• _Task prompt_: Word for word, return the lines below from the first through the line that has "义乌海关关长应雷、商贸服务业", dropping the pictures.

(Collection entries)
========================================

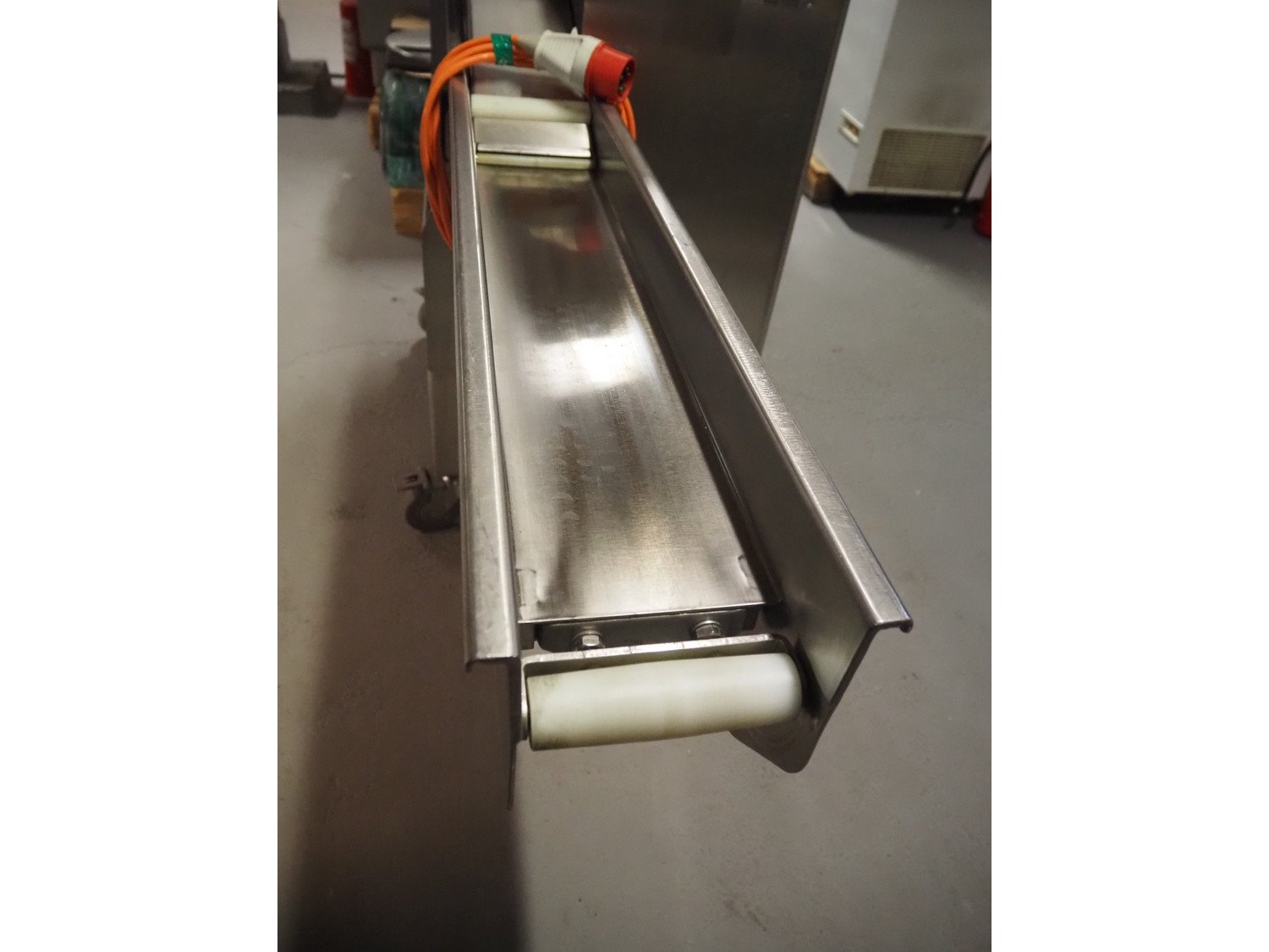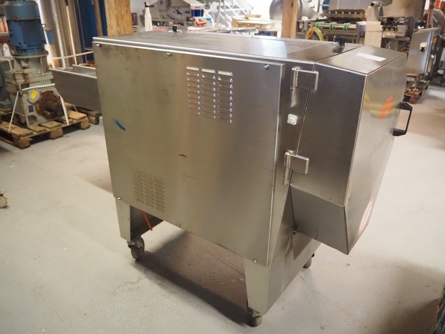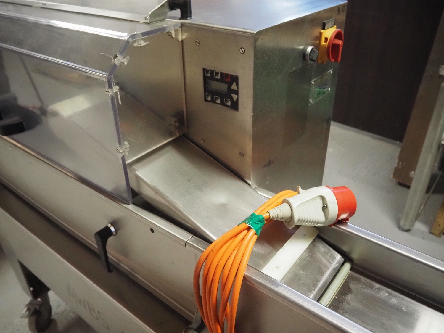 Alexanderwerk mobile belt slicer, type: AWBS 150, machine number: 04800029, 400 V, 50 Hz, 2 kW, belt width: 150 mm, clearance: 150 mm x 150 mm, total dimensions: 2240 mm x 630 mm x 1200 mm. Missing belt.
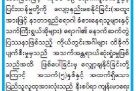 ရန်ကုန်မြို့နှင့် မန္တလေးမြို့အတွက် ရည်ညွှန်းလက်ကားဈေးနှုန်းများနှင့် ပြည်ထောင်စုနယ်မြေ နေပြည်တော်၊ တိုင်းဒေသကြီး/ပြည်နယ် မြို့တော်များအတွက် ရည်ညွှန်းလက်လီဈေးနှုန်းများ
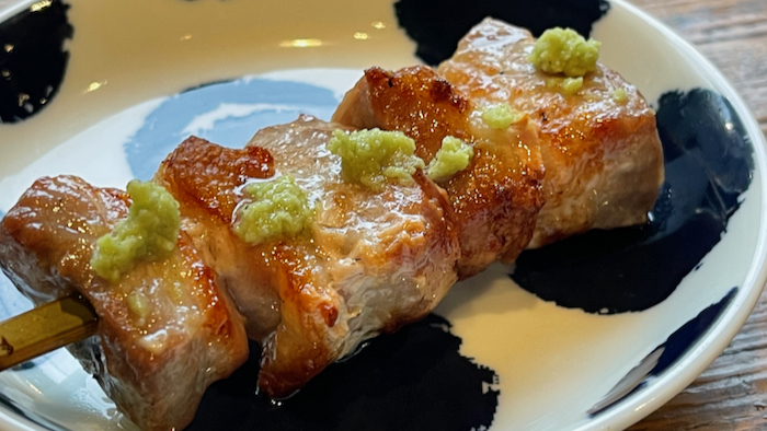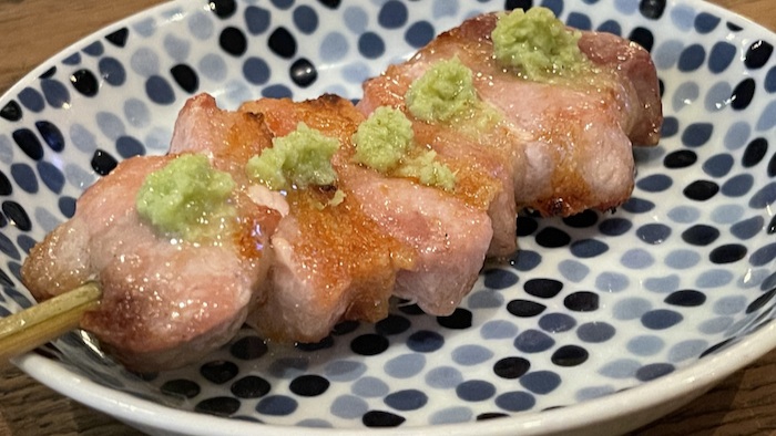 ▲ これも僕の大好物、豚バラ串、塩とワサビで。
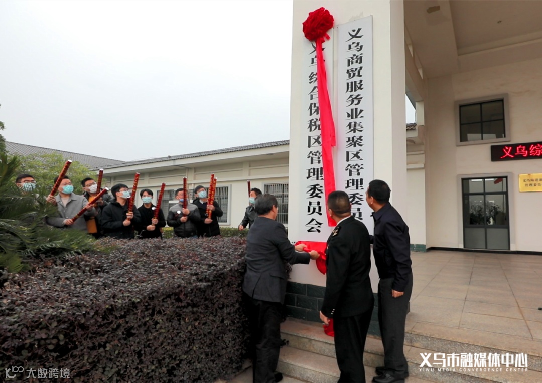 义乌海关关长应雷、商贸服务业集聚区(综合保税区)管委会主任骆华勇、副市长葛巧棣共同为义乌综合保税区管理委员会揭牌。集聚区(综保区)管委会、义乌海关、商城集团相关负责人参加揭牌仪式。
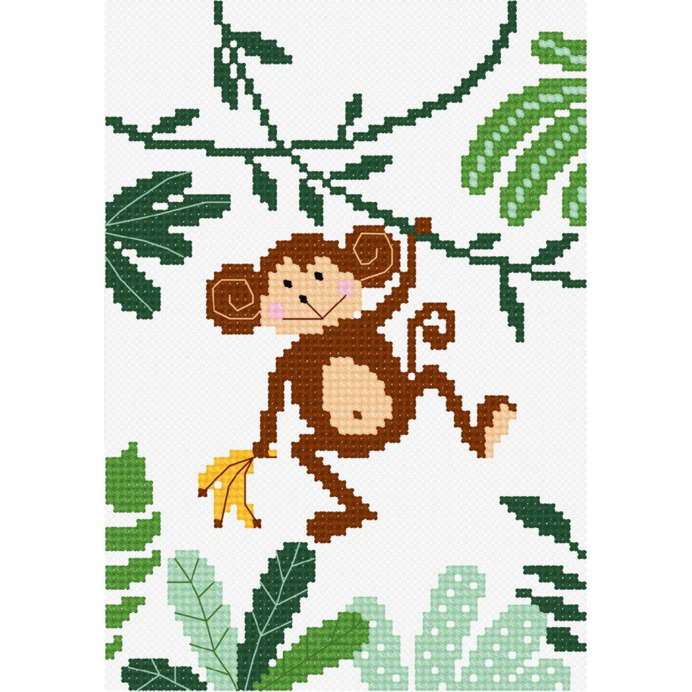 N1351 Чарівниця Набір для вишивки друкованим хрестиком - Маленька мавпочка 11x16 см, Aida 14
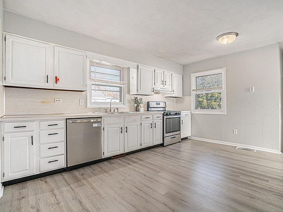 Finished basementFenced yardDetached garageGenerous white kitchenThree bedroomsStainless steel appliancesUpdated spacious one-and-a-half-story home
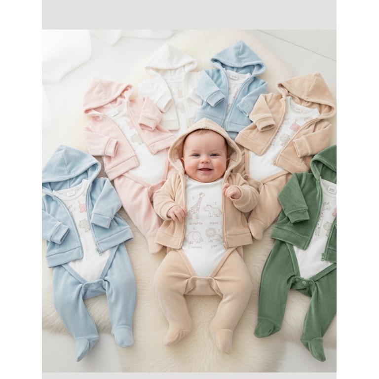 Set 3 piezas, body estampado central, campera con capucha y ranita de plush, nena y varón. Dreams
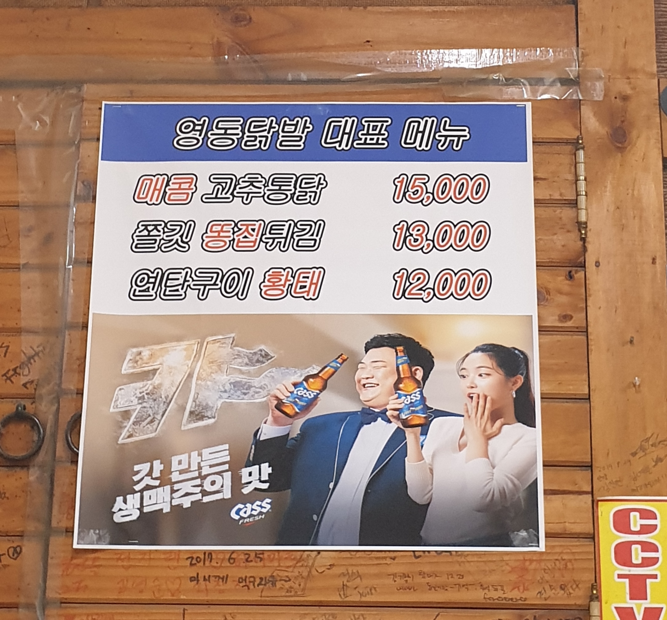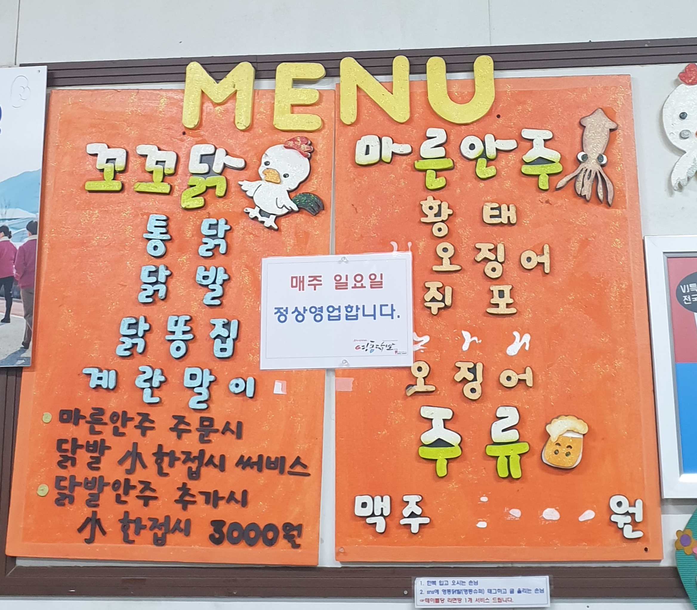 치킨류, 똥집, 닭발, 마른안주 등 가맥에 최적화된 메뉴들이 판매되고 있었어요.
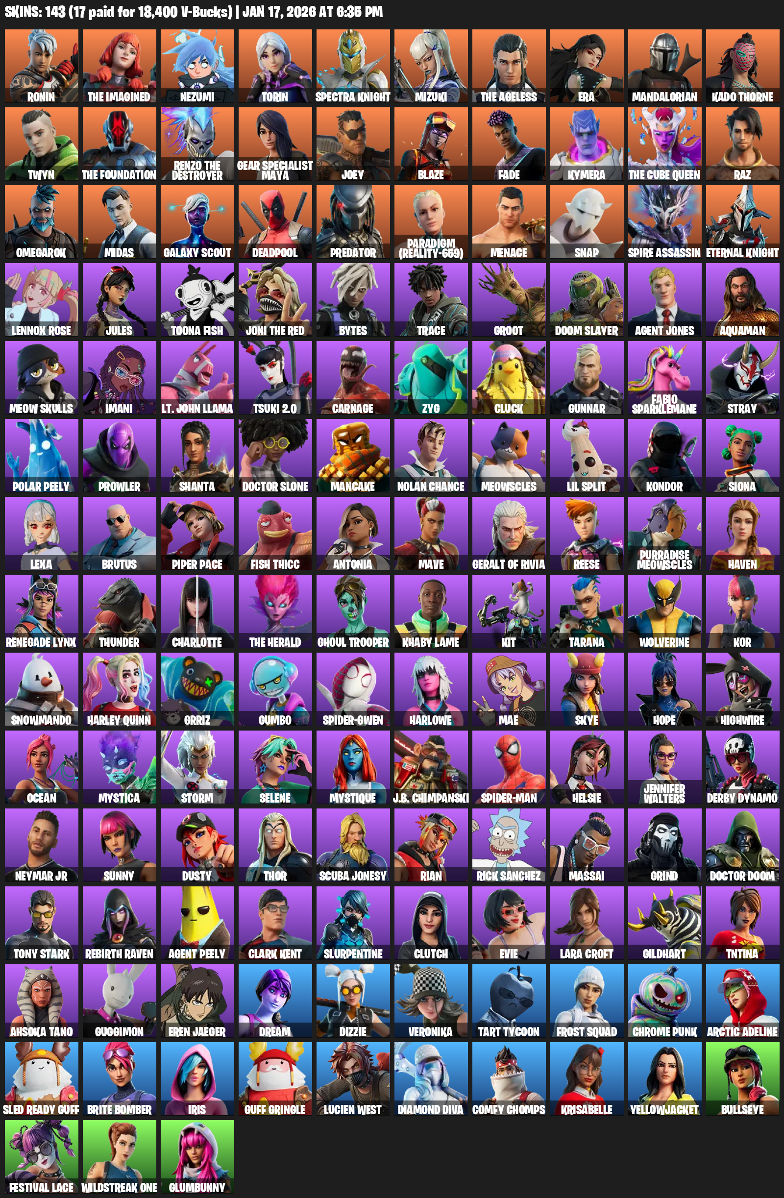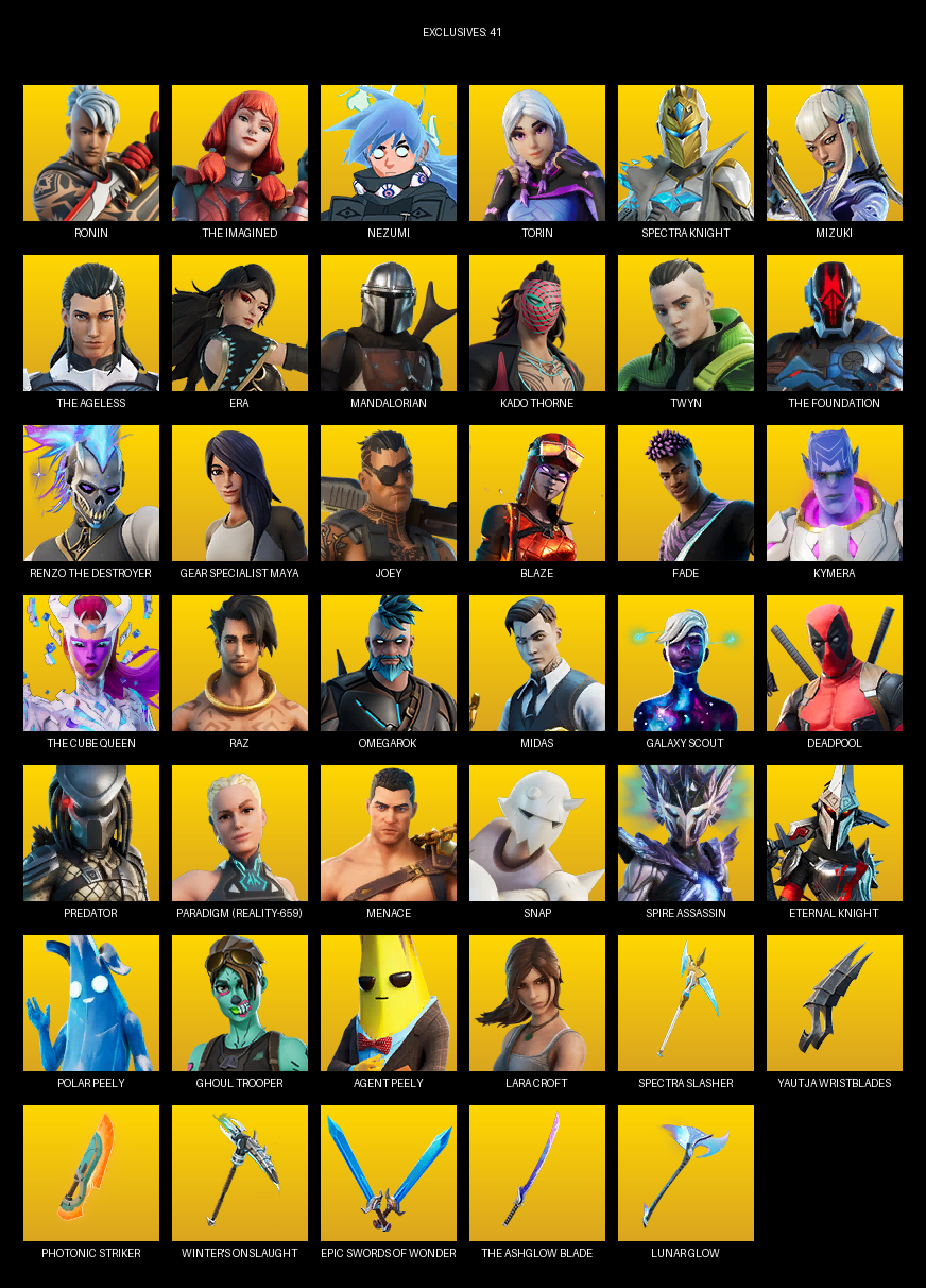 Gear Specialist Maya, Lara Croft, Ronin, The Imagined, Nezumi, Torin, Spectra Knight, Mizuki, Era, Mandalorian, Kado Thorne, Twyn, Joey, Blaze, Fade, Kymera

========================================

• _Expected output_:
 Alexanderwerk mobile belt slicer, type: AWBS 150, machine number: 04800029, 400 V, 50 Hz, 2 kW, belt width: 150 mm, clearance: 150 mm x 150 mm, total dimensions: 2240 mm x 630 mm x 1200 mm. Missing belt.
 ရန်ကုန်မြို့နှင့် မန္တလေးမြို့အတွက် ရည်ညွှန်းလက်ကားဈေးနှုန်းများနှင့် ပြည်ထောင်စုနယ်မြေ နေပြည်တော်၊ တိုင်းဒေသကြီး/ပြည်နယ် မြို့တော်များအတွက် ရည်ညွှန်းလက်လီဈေးနှုန်းများ
 ▲ これも僕の大好物、豚バラ串、塩とワサビで。
 义乌海关关长应雷、商贸服务业集聚区(综合保税区)管委会主任骆华勇、副市长葛巧棣共同为义乌综合保税区管理委员会揭牌。集聚区(综保区)管委会、义乌海关、商城集团相关负责人参加揭牌仪式。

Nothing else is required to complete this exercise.